March 6th, 2011: Cyrano De Bergerac (1950)

What It’s About: Cyrano (Jose Ferrer) is a gallant soldier and an excellent poet, with the biggest nose (and mouth) in all of Paris.  His proud, outspoken, and uncompromising nature wins him many friends-but even more powerful enemies.  He believes he is too unattractive to pursue Roxanne (Mala Powers), his muse and the object of his affections.  When she reveals her attraction to the handsome but simple Christian De Neuvillette (William Prince), a young soldier in Cyrano’s unit, Cyrano decides to help him by giving him the words he needs to woo her.  The scheme is successful, but becomes tragic when France calls Christian and Cyrano to war…

Why Watch it Today?: Cyrano De Bergerac was born today in 1655. The film is based on Edmond Rostand’s play, which takes great liberties with the life of the real De Bergerac, who was in fact a soldier and a playwright of great wit, but whose nose was not so large as to constitute a deformity, and who was not involved with his cousin, Roxanne (in fact some scholars suggest he wasn’t even heterosexual).  Jose Ferrer gives one of the all time great performances as Cyrano, deservedly winning the Oscar for Best Actor in 1951.  Cyrano is a model of wit, humor, and dash, and the film moves easily from comedy to romance to tragedy.  The rest of the cast doesn’t quite measure up to Ferrer’s standard and the film displays it’s relatively low-budget in limited sets and a stage bound feel, but ultimately Ferrer’s performance, and the dialogue taken directly from the play, overcomes these weaknesses.

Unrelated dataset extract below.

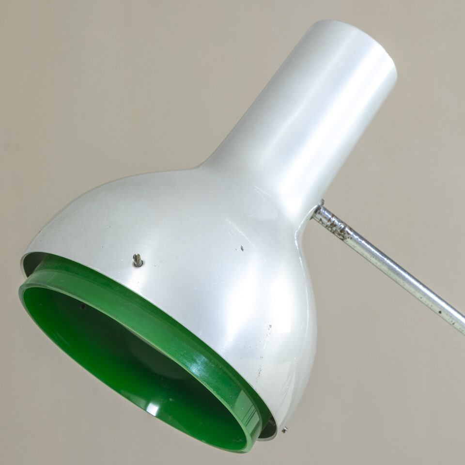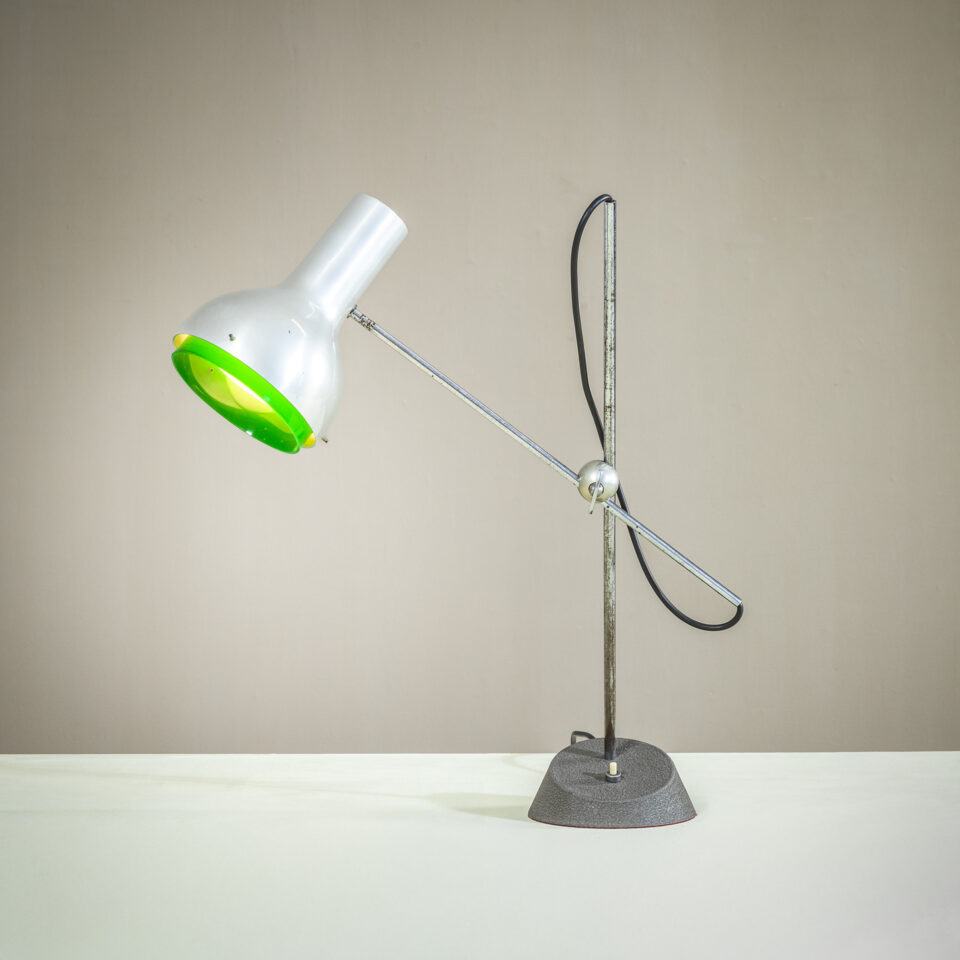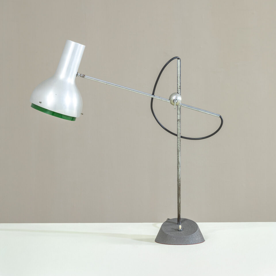 Lampada da tavolo mod. 573, struttura in metallo e alluminio, disegnata da Gino Sarfatti per Arteluce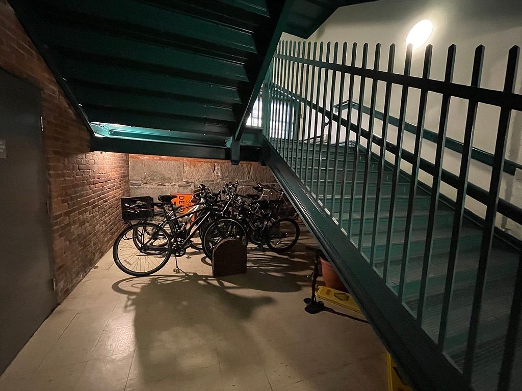 A stairwell space characterized by its industrial charm, featuring a green metal staircase that extends upward. The walls are exposed brick, blending rustic elements with modern convenience. A few bicycles are neatly arranged at the bottom, hinting at the active lifestyle of the home’s inhabitants. The floor is tiled, enhancing durability and ease of maintenance. Ambient lighting comes from a circular ceiling fixture, illuminating the area softly. A wooden crate, perhaps for storage, sits amidst the bicycles. The overall aesthetic combines functionality with a touch of vintage style, creating an inviting yet practical atmosphere.

Where to Get It:  Your local library, Netflix, or Amazon or watch the film for free at the Internet Archive.

2 comments on “March 6th, 2011: Cyrano De Bergerac (1950)

  1. shmoo says:

    Random, I have the Depardieu version of this on my DVR and was thinking about watching it tonight. Of course, I’ve seen the Ferrer version, as well as the silent version and the Steve Martin one.

    • professormortis says:

      I’ve only seen this one and the Steve Martin one (though I saw that long before I knew who Cyrano was), and I read one of the translations of the play. I should see the others at some point.